As evidenced on his blog, Trigg is doing some really fascinating phenomenological work (for example, a great post here on “The Language of Hauntings”), and his book, The Memory of Place: A Phenomenology of the Uncanny, is due out in 2012 (available now for pre-order). Here’s the publisher’s blurb for the book:

From the frozen landscapes of the Antarctic to the haunted houses of childhood, the memory of places we experience is fundamental to a sense of self. Drawing on influences as diverse as Merleau-Ponty, Freud, and J. G. Ballard, The Memory of Place charts the memorial landscape that is written into the body and its experience of the world.

Dylan Trigg’s The Memory of Place offers a lively and original intervention into contemporary debates within “place studies,” an interdisciplinary field at the intersection of philosophy, geography, architecture, urban design, and environmental studies.
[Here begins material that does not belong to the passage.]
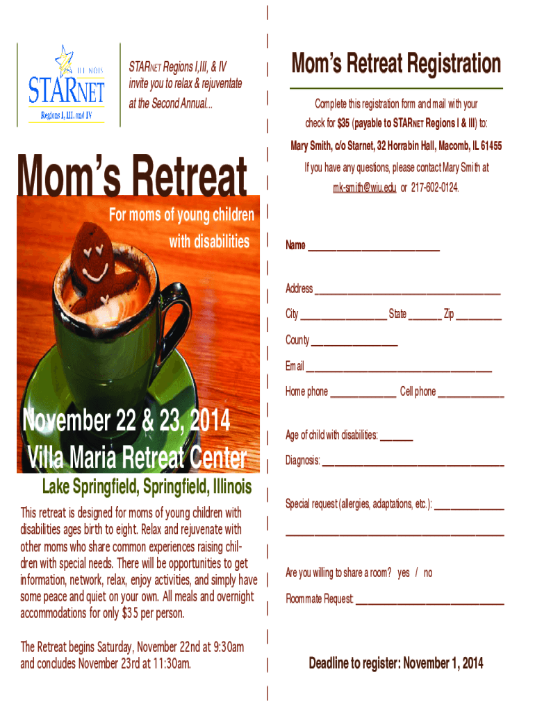 Starlet Regions I, III, & IV invite you to relax & rejuvenate at the Second Annual... Moms Retreat moms of young children with disabilitiesMoms Retreat Registration Complete this registration form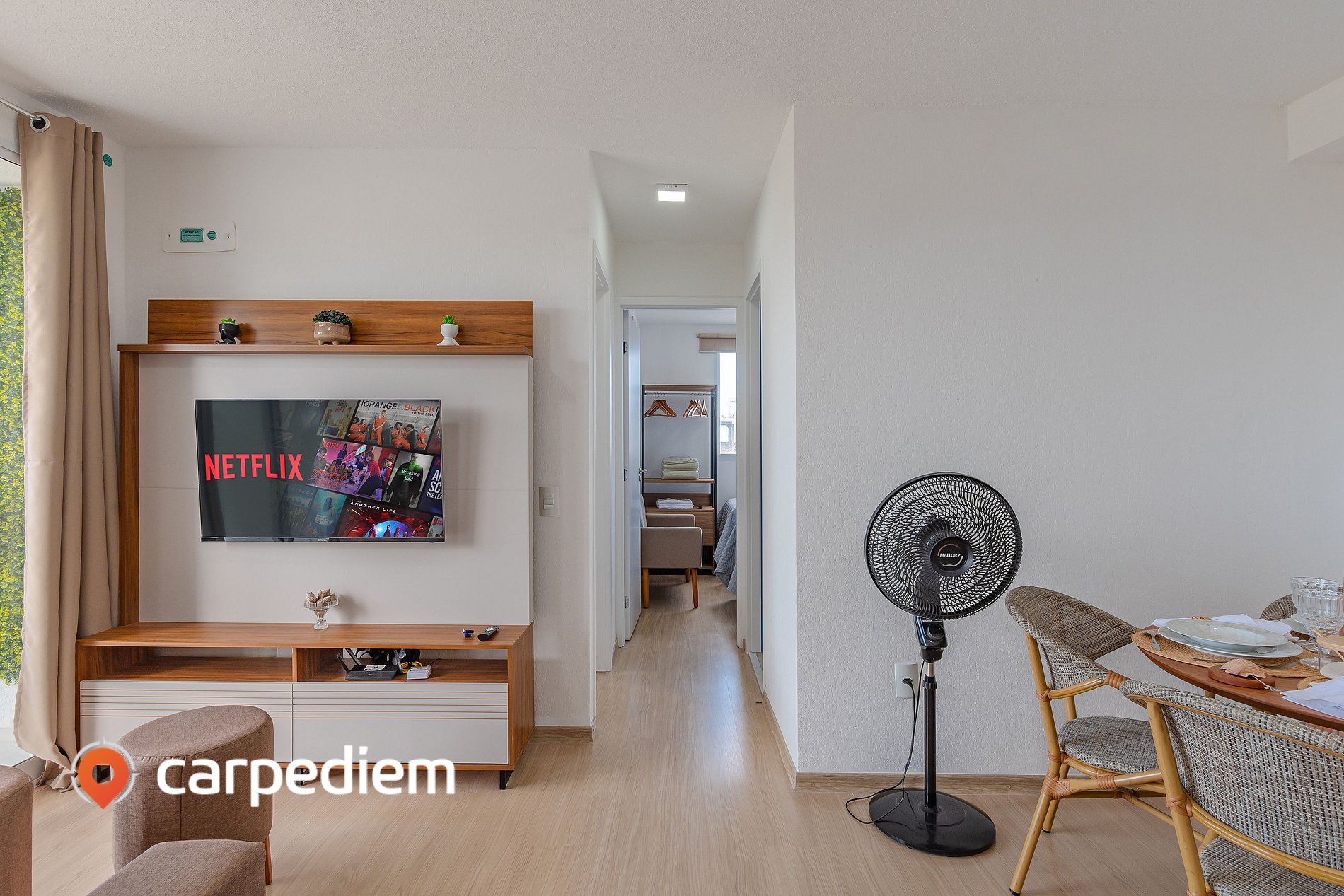 • Sala de estar acolhedora com sofá, Smart TV, ventilador, cortina e mesa de jantar com 4 cadeiras, criando o ambiente ideal para relaxar após um dia de praia ou compartilhar refeições em boa companhia.

Through a series of provocative investigations, Trigg analyzes monuments in the representation of public memory; “transitional” contexts, such as airports and highway rest stops; and the “ruins” of both memory and place in sites such as Auschwitz. While developing these original analyses, Trigg engages in thoughtful and innovative ways with the philosophical and literary tradition, from Gaston Bachelard to Pierre Nora, H. P. Lovecraft to Martin Heidegger. Breathing a strange new life into phenomenology, The Memory of Place argues that the eerie disquiet of the uncanny is at the core of the remembering body, and thus of ourselves. The result is a compelling and novel rethinking of memory and place that should spark new conversations across the field of place studies.

Edward S. Casey, Distinguished Professor of Philosophy at Stony Brook University and widely recognized as the leading scholar on phenomenology of place, calls The Memory of Place “genuinely unique and a signal addition to phenomenological literature. It fills a significant gap, and it does so with eloquence and force.” He predicts that Trigg’s book will be “immediately recognized as a major original work in phenomenology.”

I highly recommend checking out Dylan Trigg’s blog and his article in Film-Philosophy, and I look forward to reading his wonderful-sounding book!